Ну и огромная часть усилий была направлена на улучшение отрады всякого свято блюдущего Посты человека — скоромные дни. Молоко — благо для человечества великое, но есть у него неприятная особенность очень быстро киснуть. Способы направить этот процесс в благое русло у русичей есть, но я решил пойти дальше.
Первое — берем самый обыкновенный творог, выдерживаем в крепком рассоле, запуская этим дополнительную ферментацию, и на выходе получаем солененькую, пикантную творожную массу (этакую «прото-брынзу», в моем, греческом, случае — «прото-фету»), которая хранится очень долго и пригодна для добавления куда хошь. «Соль вытягивает лишнюю влагу и дух тления, оставляя лишь крепкую молочную суть».
Второе — «прото-йогурт», очень похожий на опять-таки «греческий» из моих времен. Молоко для этого заквашиваем не как обычно, при температуре окружающей среды, а сначала слегка подогретое в печке, а потом укутанное в войлок и помещенное к той же самой печи, «доходить» в тепле при помощи термофильных бактерий.
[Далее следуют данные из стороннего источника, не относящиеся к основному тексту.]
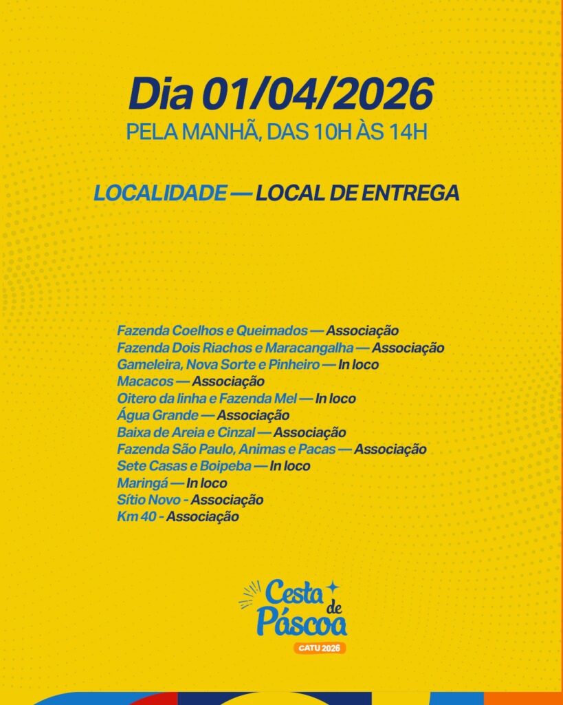 A iniciativa reforça o compromisso da gestão municipal com o cuidado com as famílias catuenses, especialmente em datas simbólicas como a Páscoa.
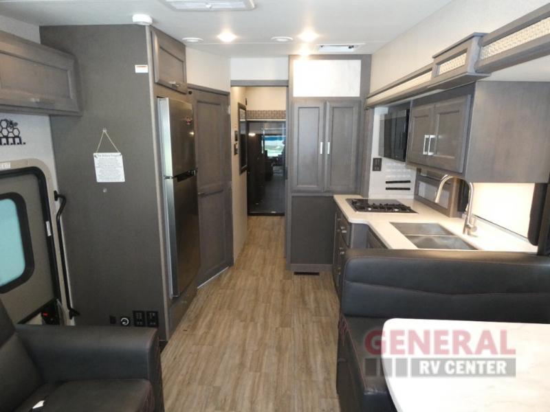 Step inside, and you'll find a spacious interior featuring two convenient slide-outs that expand your living area, making it perfect for family trips or entertaining friends. With the ability to sleep up to 8 people, this RV ensures everyone has a cozy spot to rest after a day of adventure. The well-designed layout includes a fully-equipped kitchen, a comfortable lounge area, and a luxurious sleeping quarters, providing all the comforts of home while you're on the road.

Удалось с первого раза, и теперь таким «йогуртом» будут заправлять постные блюда. «Томление в тепле, как душу в молитве, делает снедь сию особенно нежной и для чрева целебной».
В свободное от дел кулинарных время я при помощи нанятого переписчика записывал сборник «Русские народные сказки в пересказе грека Гелия». От такого названия все выпали в такой мощный осадок, что никто даже не решился спросить очевидного — «а откуда грек знает 'русские народные» сказки настолько лучше нас, что мы их вообще впервые слышим?«. Привычка — все время Гелий чего-то 'мутит», на все странности вопросов с ответами не напасешься, ну его, лучше своими делами заняться.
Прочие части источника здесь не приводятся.